Tudo velho de novo
Justo quando se pretendia – ao longo dessas duas primeiras décadas do século – que direita e esquerda fossem etiquetas ultrapassadas, ressurge a famigerada extrema-direita. E o fenômeno é global. É bem verdade que essa nova geração de aloprados nada sabe, p. ex., de supremacistas, de nazistas, de passados integralistas etc. Tampouco sabe sob que critérios todos foram para essas legendas tangidos.
É justamente pelo desconhecimento da história que se tende a repeti-la. Pelo avesso. Contudo, não nos enganemos: é nessa ignorância que reside o perigo.
Conforme hoje nos fartamos de ver, fatos e comportamentos sinistros logo tendem a retornar.

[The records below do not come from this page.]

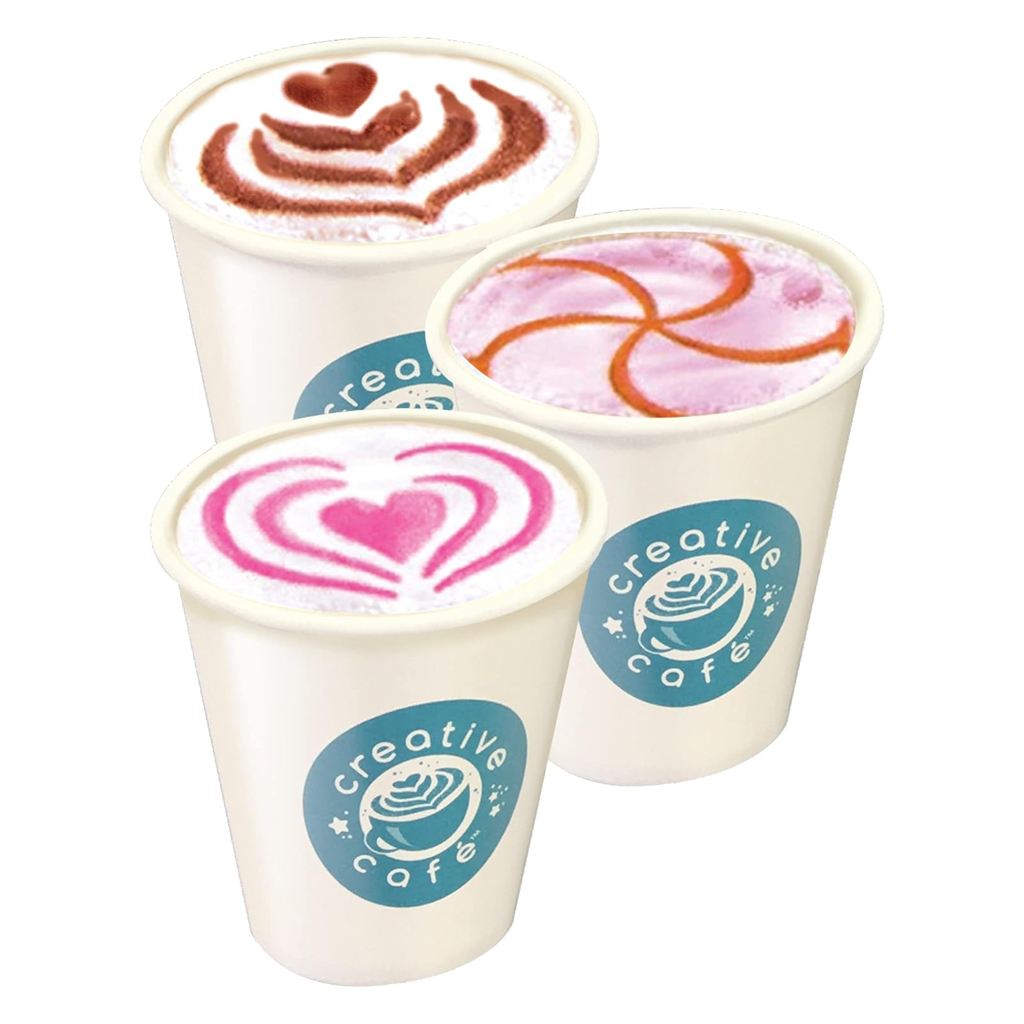 A Creative Café Barista bár használata rendkívül egyszerű, szórakoztató és biztonságos! Csak kövesse a mellékelt receptkártyákat a por alap keveréséhez, majd húzza meg a kart, amíg a por el nem keveredik. Ezután jöhet a tej felhabosítása! Miután ezzel készen van, öntsük az alapkeverék tetejére, hogy szépen habos legyen! Végül pedig használja a sablonokat és a porokat, hogy lenyűgöző dizájnt hozzon létre a italain! Élvezze a kávéházi mesterművek elkészítését!
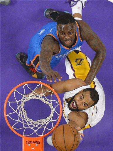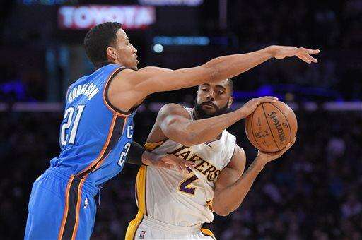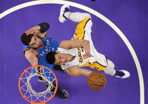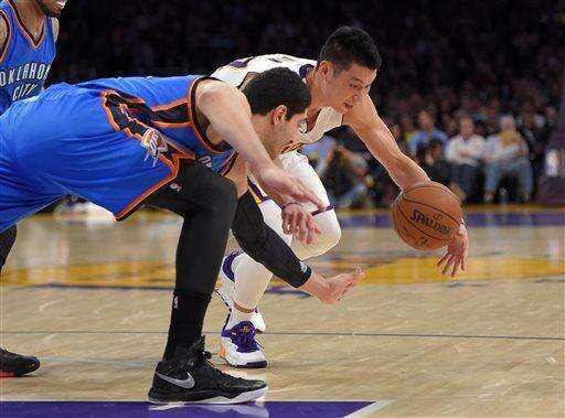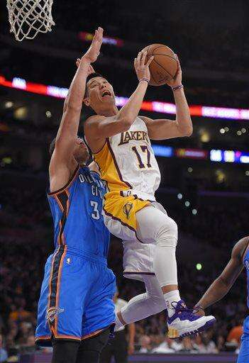 Lakers: Lin is averaging 17.0 points per game since the All-Star break. ... Rookie point guard Jordan Clarkson had 12 points and four assists. He was a San Antonio high school teammate of Roberson, who scored eight points for the Thunder. ... The teams meet again in Oklahoma City on March 24.
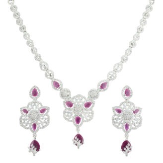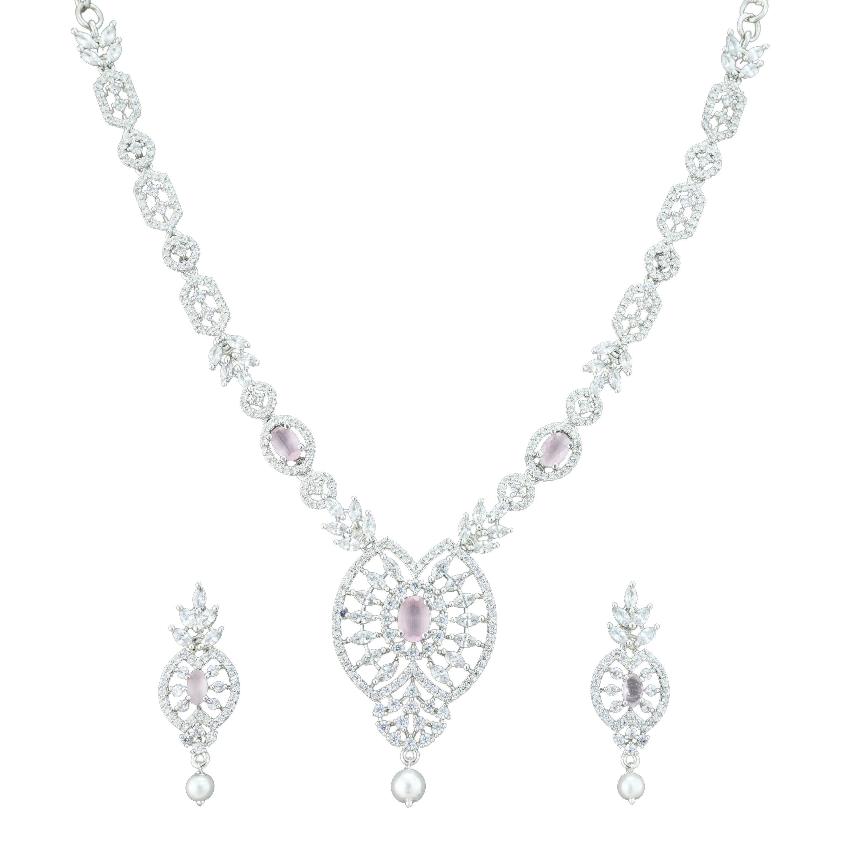 This classic fresh mint pink rhodium plated necklace is crafted for classic edit. A perfect pick for weddings, parties, and festive occasions, designed to elevate your look.

Ainda que farsescamente.
Resquícios graves, como o extermínio sistemático de pessoas, se perpetuaram nas democracias atuais, porém, como estão exclusivisados à pobreza das periferias, assustam menos os ditos cidadãos “de bem”.
Houve um tempo entre nós em que a política da morte passou a incomodar – e apavorar – às elites e classes médias urbanas. Foi quando o futuro do futuro arquiteto, do futuro engenheiro, do futuro doutor se viu ameaçado: caçado, preso, torturado e morto.
O episódio do jovem alvejado num restaurante universitário no centro do Rio serviu de estopim na cabeça das “pessoas da sala de jantar” que viviam mais defronte ao mar da cidade. Caía enfim a ficha:
Nas duas horas em que percorre o trajeto entre o centro da antiga capital e o bairro de Botafogo, o cortejo recebe uma chuva de pétalas de rosas e papel picado lançados do alto dos edifícios. A palavra de ordem repetida em uníssono pela multidão alerta: Mataram um estudante. Podia ser seu filho!
“Pedro e os lobos: os anos de chumbo na trajetória de um guerrilheiro urbano”, de João Roberto Laque, nos remete à última experiência que tivemos com a truculência extremista de direita:
A gente, através do partido, tentava viabilizar as mudanças, fazer pressão junto aos deputados, mas a ultradireita sabotava tudo espalhando que os comunistas queriam tomar as pequenas propriedades e a casa do trabalhador.
Por isso, por vezes, se fez necessário reagir à altura:
Às duas e meia da tarde da quarta-feira, 4 de setembro de 69, o grupo de dez combatentes da coligação DI-GB/ALN está a postos no bairro de Botafogo. Cinco minutos depois, surge na rua Marques o Cadillac negro (…)
Ainda que já soasse meio anacrônica a narrativa do anticomunismo à época, a caça a cidadãos comuns, contrários às ideias oficiais, tornou-se implacável, por meio de milícias patrocinadas por pessoas também comuns. Muitas vezes, o próprio vizinho:
Para fazer frente ao pipocar das siglas dispostas a enfrentar o regime a bombas e à bala, a ultradireita se aglutina em organizações paramilitares como o Movimento Anticomunista, a Frente Anticomunista, e o mais ativo de todos, o Comando de Caça aos Comunistas.
O atentado à OAB, que resulta na brutal morte da secretária da Ordem, é sadicamente comemorado pelos extremistas, pelas ruas do bairro:
A ação dos grupos de ultradireita causa uma grande indignação popular. Durante o enterro de Lydia, oito mil pessoas desfilam pelas ruas, (…) no bairro de Botafogo, entoando o Hino Nacional e slogans de protestos. O cheiro de pólvora dos linhas-duras, entretanto, não provocará qualquer reação armada nas esquerdas e o processo de abertura política segue seu curso.
Conforme advertiam os antigos, em termos de democracia, nada está para sempre garantido.